OIT’s PLM implementation stays true to the Agile principles it was built to evangelize, delivering simple systems that iteratively actualize change, Jordan said. The effort has been through multiple maturity levels.

The center is currently staging for PLM level three to compound the knowledge and practices gathered during preceding levels of maturity. The first level of PLM focused on creating a lean foundation, postured for change. Level two used that trusted foundation to explore ways to improve outcomes. Teams were connected to subject matter experts through a matrixed model so they could advance their capabilities in data strategy and upskill their staff.

“When we aligned subject matter experts to the product lines, people knew exactly who to go to when they needed help with the touch of a button. This checked the box for immediate needs, like strategic communications and budget, but it also unveiled an opportunity for team members to explore, collaborate and see the bigger picture. Partnering with experts beyond their normal domain helped build both ‘T-shaped’ teams and empathy across the organization. We don’t need everyone to be an expert in everything, but we do need them armed with enough knowledge and awareness to feel empowered,” Jordan said.

Jordan’s team is also developing dashboard and reporting capabilities to enhance the organization’s approach to using data to make more informed decisions.

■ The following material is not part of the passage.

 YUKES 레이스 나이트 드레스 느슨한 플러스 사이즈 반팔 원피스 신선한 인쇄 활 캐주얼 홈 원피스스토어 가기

The dashboards utilize authoritative data, offer the opportunity to save time aggregating data and developing reports, and equip teams with the information they need to make empowered decisions. Offerings range from product scorecards that make product metrics like mean time to restore (MTTR), release cadence and lead time visible to use in stand-up meetings and sprint planning to customer-facing products like the Business Metrics Dashboard that showcases product success rates.

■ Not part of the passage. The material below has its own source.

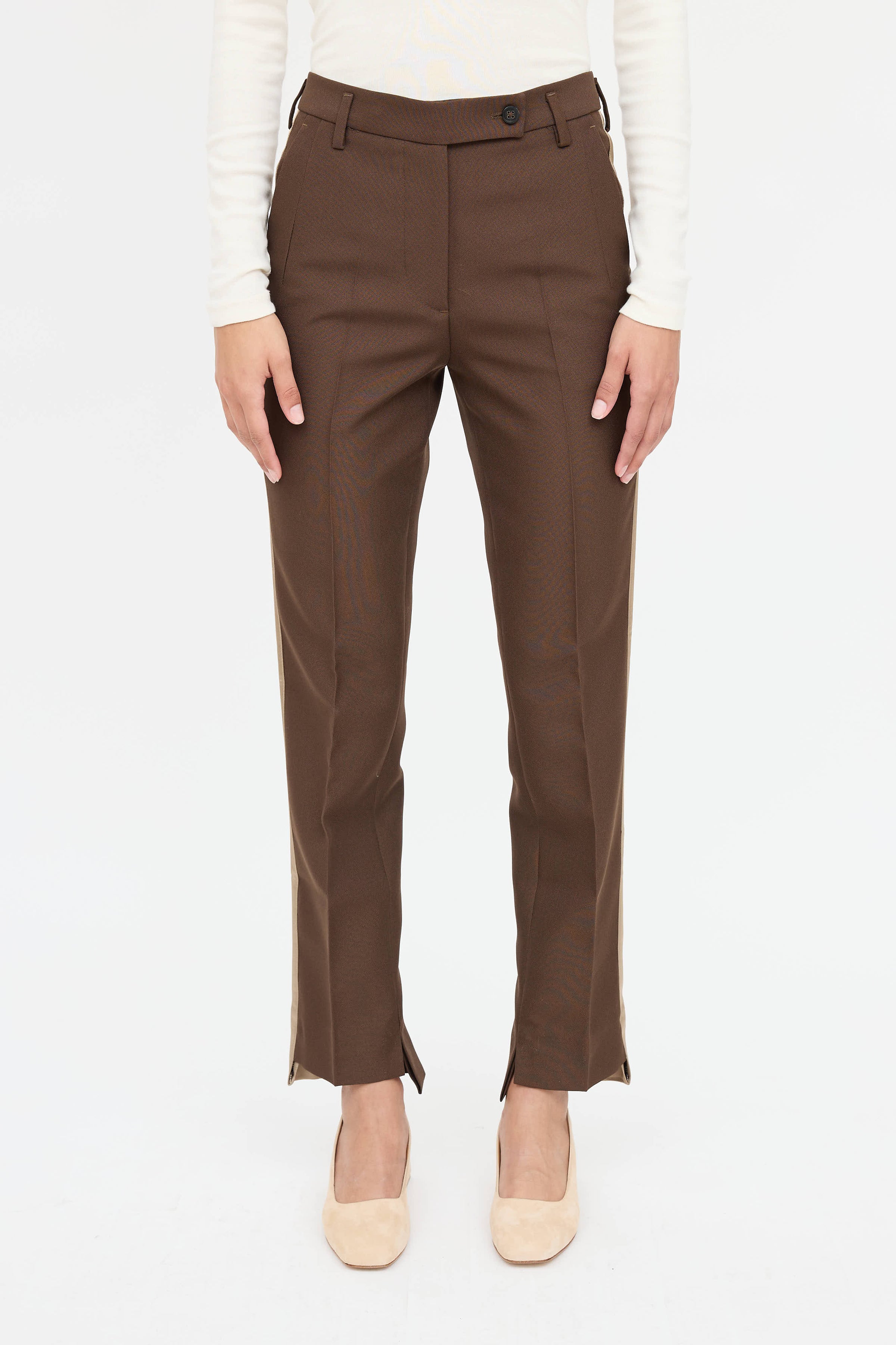 Pre-owned Golden Goose brown trousers featuring two slip pockets at hip, two welt pockets at back, satin tuxedo stripe at sides, tapered leg, and zip fly with hook and eye closure.

“In order to develop the business metric, both the customer and the product had to have a common lexicon of what success looked like,” Jordan said. “It helped increase customer collaboration, level set expectations and built trust — all essential when you are delivering high-stakes products for programs like Loan Guarantee, to make veterans more competitive in today’s housing market.”

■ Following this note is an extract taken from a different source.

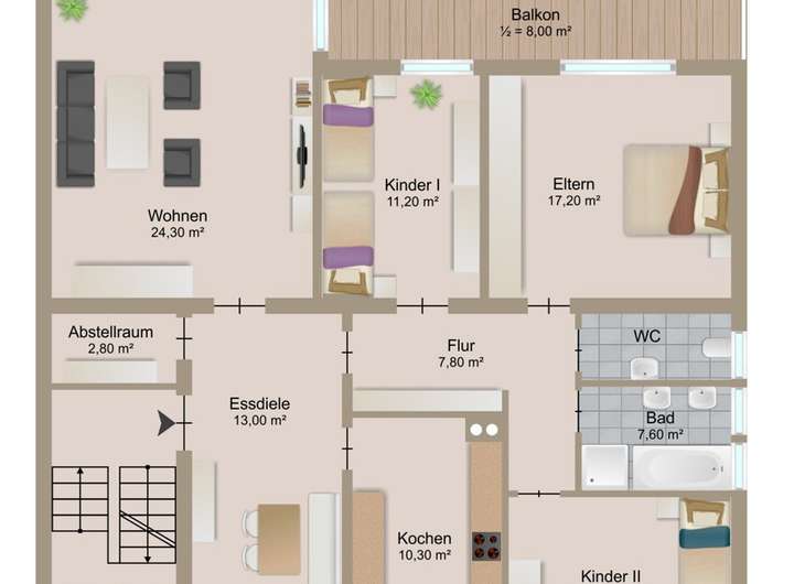 Diese gut geschnittene 4-Zimmer-Wohnung in einem Mehrfamilienhaus mit sieben Einheiten und einer Wohnfläche von ca. 109 m² bietet Familien wie auch Paaren ein ideales Zuhause. Die großzügige Aufteilung schafft ein angenehmes Wohnambiente und genügend Platz für unterschiedliche Bedürfnisse.

While the ACOE works to upskill its staff in Agile, SAFe and DevSecOps, it’s also embedding principles of resiliency and adaptability to inspire what Jordan called a “growth mindset.” This is also what marks the difference between “being Agile” and “doing Agile,” she said.

As the center works to mature agility at the agency more broadly, it will maintain its focus on continuous improvement to drive transparency and transformation. Communication is key. Jordan described how the ACOE prioritizes customer feedback and facilitates upskilling sessions and communities of practice to drive collaboration and provide social learning experiences.

“We are on a mission to help teams learn, grow and optimize,” Jordan said. “We want to help teams create environments that provide the transparency, inspection and adaptability necessary to feel confident ‘failing forward.’ It is this confidence that allows creativity to thrive.”